** Supplied material follows **

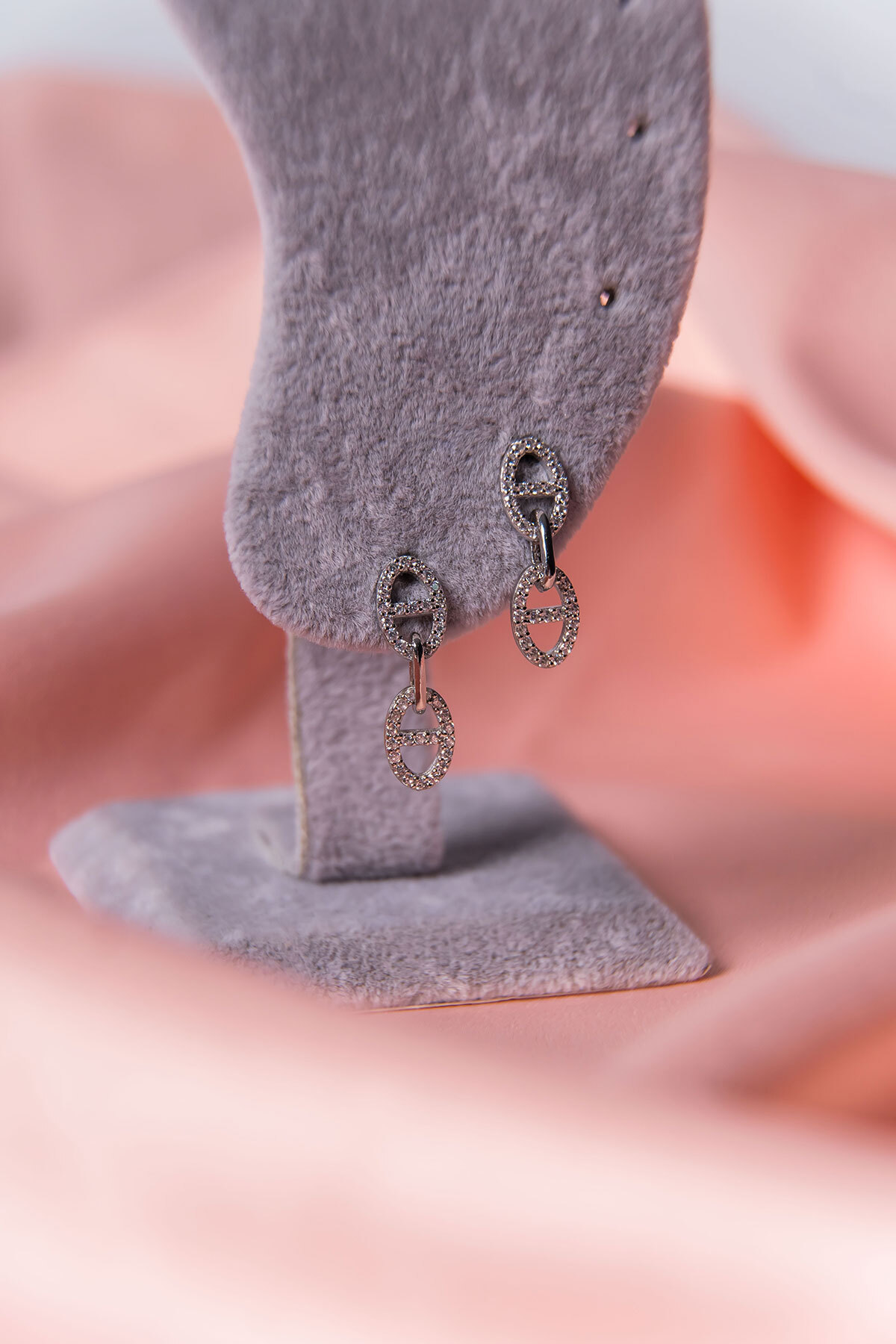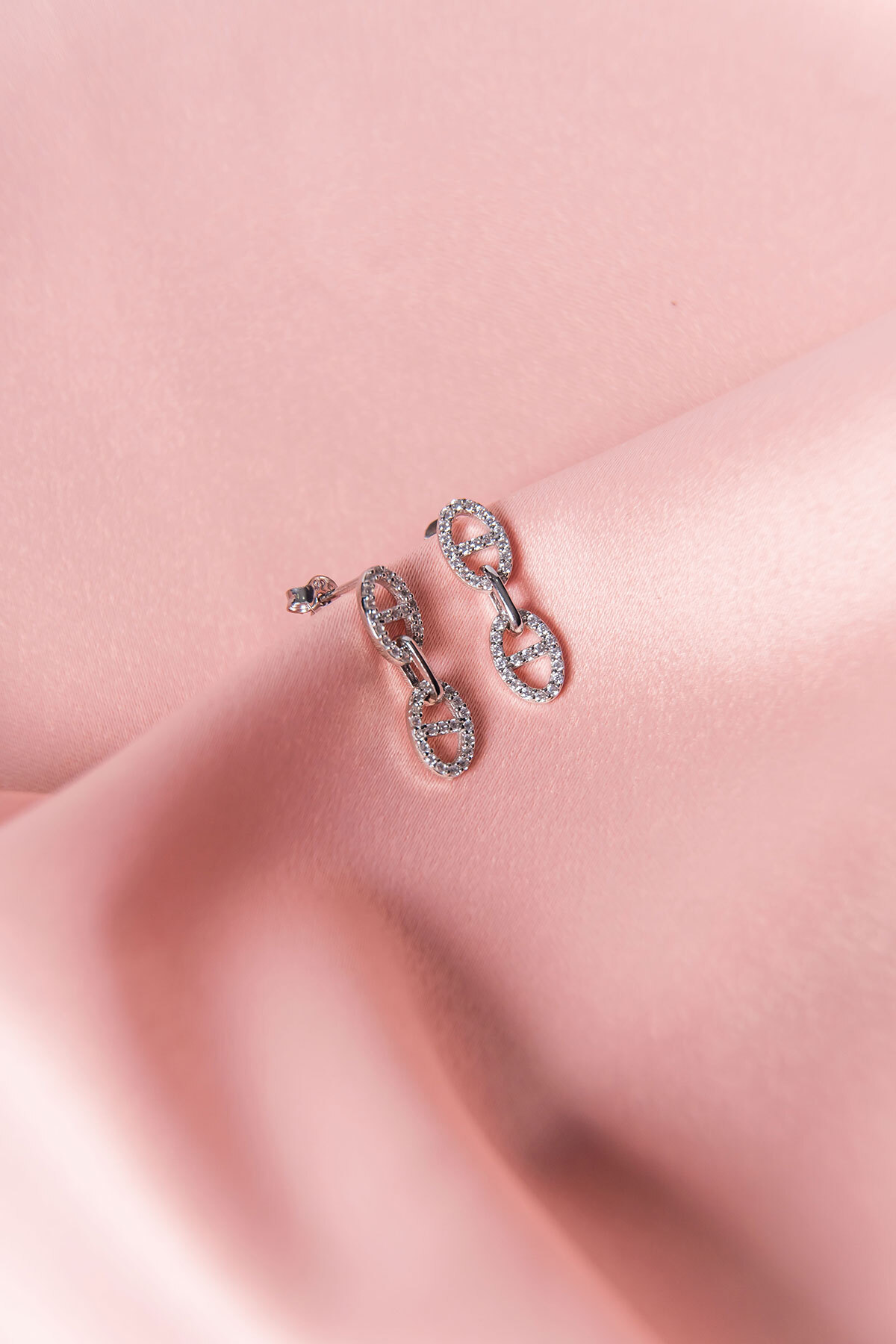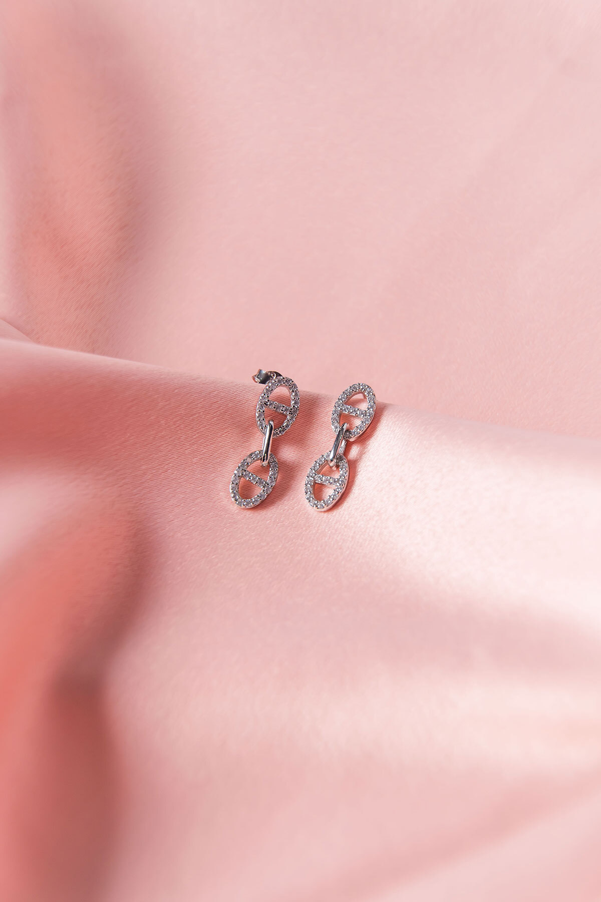 925 ayar gümüş malzeme ile üretilmiş, uzun ömürlü ve kaliteli bir aksesuar deneyimi sunar; Göz alıcı zirkon taşlarla süslenmiş, her türlü kıyafetle uyum sağlayacak zarif bir tasarıma sahiptir; Oval formdaki sallantılar, hareket halindeyken parıldayan bir ışıltı yaratır ve dikkat çekici bir görünüm sağlar; Zirkon taşların parlaklığı ve gümüşün asaleti ile her ortamda şıklığınızı ön plana çıkarır;
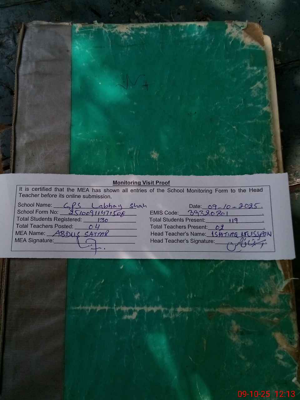 | EMIS Code: 39320801 | Name of School: GPS LABHAY SHAH | |||
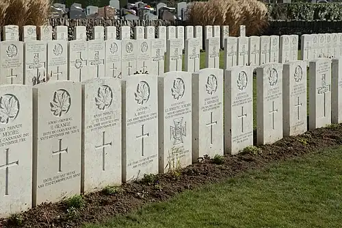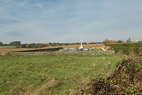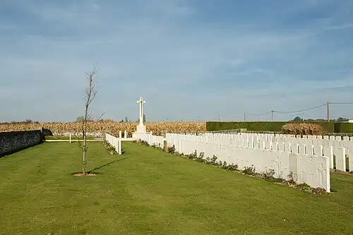 Sur le côté nord du cimetière communal se trouvait un cimetière allemand de près de 600 tombes (1916-1918), maintenant enlevées. Ce cimetière britannique a été créé par des unités de combat, en septembre et . Il comporte 276 tombes de soldats du Commonwealth dont six ne sont pas identifiées. Le cimetière couvre une superficie de 1 011 m2 et est entouré d'un mur en silex et en moellons.
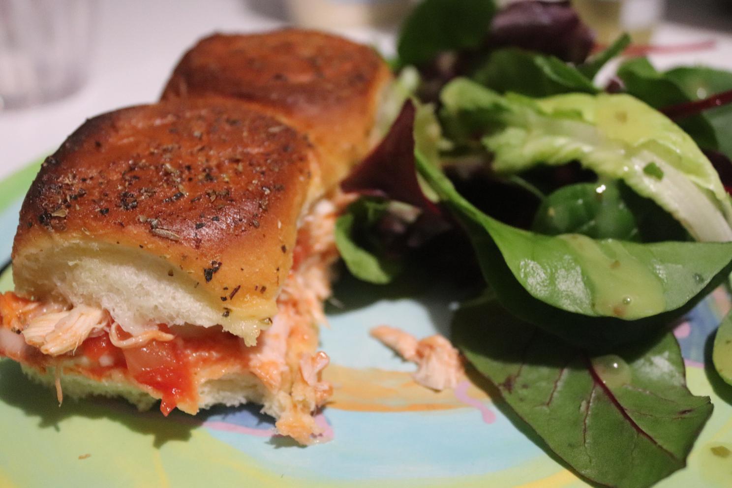 When I was at Costco, I saw the Hawaiian rolls that use to be super popular on social media! I was super excited, so grabbed some. We used a rotisserie chicken, shredded and mixed with some jarred tomato sauce to create these chicken parm sliders. I then placed them into the bread, added some mozzarella on top, and based the top of the bread with some butter, garlic powder and Italian seasoning. These were then baked until toasty! It felt very American, and we all really enjoyed them. I also served a side salad.
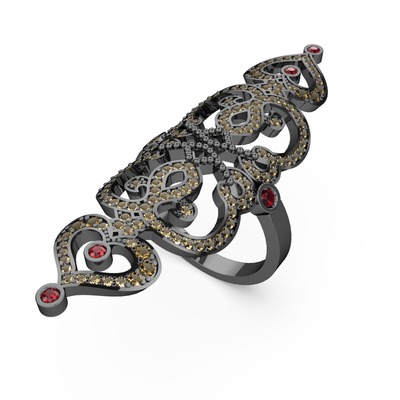 Dumanlı kuvars ve garnet 925 ayar siyah rodyum kaplama gümüş yüzük

** End of Supplied material **

What is needed>
Take the data above and set it down exactly, images excluded.

Answer to this problem>
 925 ayar gümüş malzeme ile üretilmiş, uzun ömürlü ve kaliteli bir aksesuar deneyimi sunar; Göz alıcı zirkon taşlarla süslenmiş, her türlü kıyafetle uyum sağlayacak zarif bir tasarıma sahiptir; Oval formdaki sallantılar, hareket halindeyken parıldayan bir ışıltı yaratır ve dikkat çekici bir görünüm sağlar; Zirkon taşların parlaklığı ve gümüşün asaleti ile her ortamda şıklığınızı ön plana çıkarır;
 | EMIS Code: 39320801 | Name of School: GPS LABHAY SHAH | |||
 Sur le côté nord du cimetière communal se trouvait un cimetière allemand de près de 600 tombes (1916-1918), maintenant enlevées. Ce cimetière britannique a été créé par des unités de combat, en septembre et . Il comporte 276 tombes de soldats du Commonwealth dont six ne sont pas identifiées. Le cimetière couvre une superficie de 1 011 m2 et est entouré d'un mur en silex et en moellons.
 When I was at Costco, I saw the Hawaiian rolls that use to be super popular on social media! I was super excited, so grabbed some. We used a rotisserie chicken, shredded and mixed with some jarred tomato sauce to create these chicken parm sliders. I then placed them into the bread, added some mozzarella on top, and based the top of the bread with some butter, garlic powder and Italian seasoning. These were then baked until toasty! It felt very American, and we all really enjoyed them. I also served a side salad.
 Dumanlı kuvars ve garnet 925 ayar siyah rodyum kaplama gümüş yüzük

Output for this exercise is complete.